Below are entries; repeat exactly, and nothing else, the lines from the one holding "La bailaora Sara Baras." through the one holding "Podpis listine o", inclusive. Leave the pictures out.

---- Given data

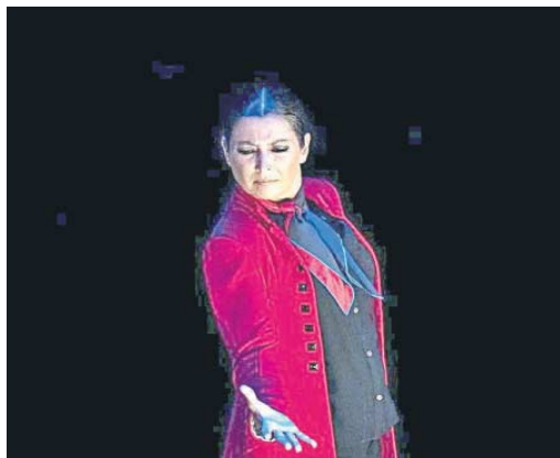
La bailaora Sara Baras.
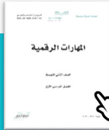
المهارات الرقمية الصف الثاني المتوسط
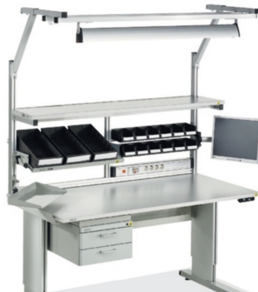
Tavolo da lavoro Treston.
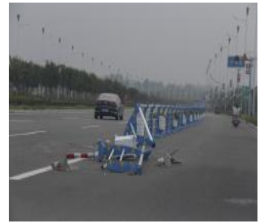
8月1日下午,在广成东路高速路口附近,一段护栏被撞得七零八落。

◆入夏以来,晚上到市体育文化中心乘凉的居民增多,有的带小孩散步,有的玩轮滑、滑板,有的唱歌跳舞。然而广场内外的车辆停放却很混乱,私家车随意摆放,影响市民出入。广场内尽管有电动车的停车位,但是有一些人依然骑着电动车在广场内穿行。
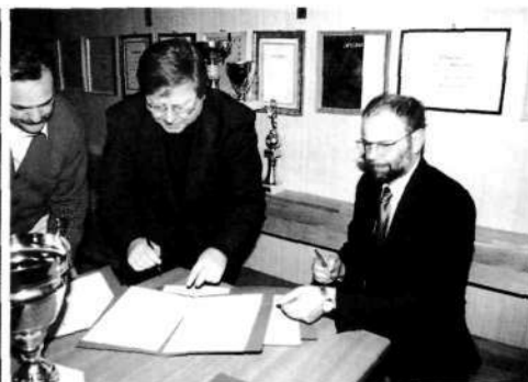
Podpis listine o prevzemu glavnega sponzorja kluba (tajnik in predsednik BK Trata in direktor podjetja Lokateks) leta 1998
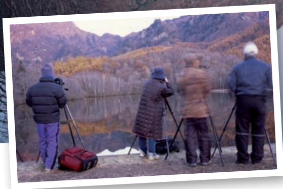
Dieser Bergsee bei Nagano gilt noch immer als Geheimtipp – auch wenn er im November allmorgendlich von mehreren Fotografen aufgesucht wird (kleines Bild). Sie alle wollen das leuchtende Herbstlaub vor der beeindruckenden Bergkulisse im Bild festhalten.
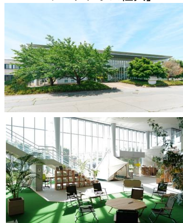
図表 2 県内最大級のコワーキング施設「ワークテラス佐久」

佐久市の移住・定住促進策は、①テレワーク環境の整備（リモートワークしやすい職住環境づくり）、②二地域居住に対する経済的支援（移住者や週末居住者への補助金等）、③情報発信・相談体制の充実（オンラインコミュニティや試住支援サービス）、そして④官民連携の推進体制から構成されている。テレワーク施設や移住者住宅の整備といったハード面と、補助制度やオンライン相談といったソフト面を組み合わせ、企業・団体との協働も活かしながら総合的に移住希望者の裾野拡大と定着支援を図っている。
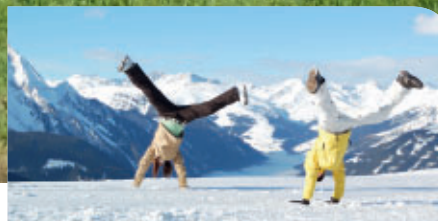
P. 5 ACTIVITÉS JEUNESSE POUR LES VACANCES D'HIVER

--------
---- Given data

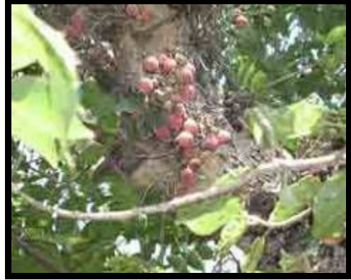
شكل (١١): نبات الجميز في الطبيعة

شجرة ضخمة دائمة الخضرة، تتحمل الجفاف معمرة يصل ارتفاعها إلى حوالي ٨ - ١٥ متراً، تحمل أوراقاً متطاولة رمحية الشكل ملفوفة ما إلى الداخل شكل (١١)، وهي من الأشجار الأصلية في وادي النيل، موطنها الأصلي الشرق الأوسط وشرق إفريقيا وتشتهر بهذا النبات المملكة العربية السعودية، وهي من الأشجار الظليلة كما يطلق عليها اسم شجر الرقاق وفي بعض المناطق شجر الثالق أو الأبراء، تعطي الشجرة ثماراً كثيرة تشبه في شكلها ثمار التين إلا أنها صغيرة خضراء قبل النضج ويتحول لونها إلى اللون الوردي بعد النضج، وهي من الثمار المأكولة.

--------
---- Given data

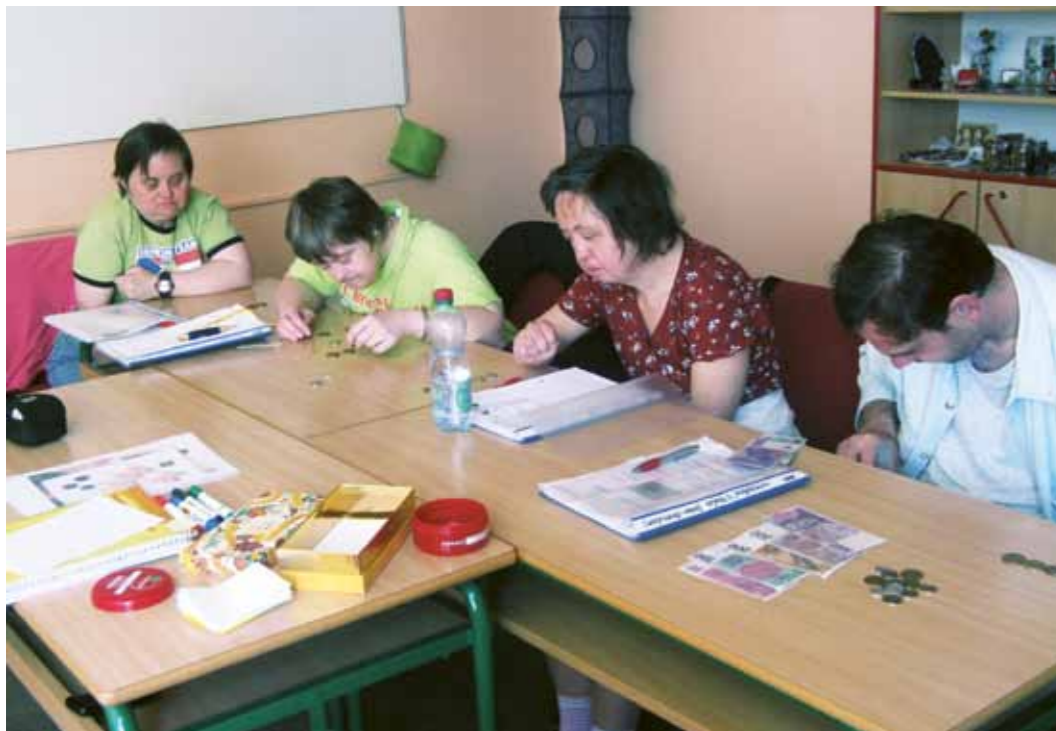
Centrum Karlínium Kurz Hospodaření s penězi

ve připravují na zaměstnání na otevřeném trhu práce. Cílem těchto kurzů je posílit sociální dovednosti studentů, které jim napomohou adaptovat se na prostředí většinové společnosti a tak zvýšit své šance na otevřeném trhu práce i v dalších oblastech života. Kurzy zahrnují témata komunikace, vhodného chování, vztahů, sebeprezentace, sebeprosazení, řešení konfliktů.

--------

The answer
La bailaora Sara Baras.
المهارات الرقمية الصف الثاني المتوسط
Tavolo da lavoro Treston.
8月1日下午,在广成东路高速路口附近,一段护栏被撞得七零八落。

◆入夏以来,晚上到市体育文化中心乘凉的居民增多,有的带小孩散步,有的玩轮滑、滑板,有的唱歌跳舞。然而广场内外的车辆停放却很混乱,私家车随意摆放,影响市民出入。广场内尽管有电动车的停车位,但是有一些人依然骑着电动车在广场内穿行。
Podpis listine o prevzemu glavnega sponzorja kluba (tajnik in predsednik BK Trata in direktor podjetja Lokateks) leta 1998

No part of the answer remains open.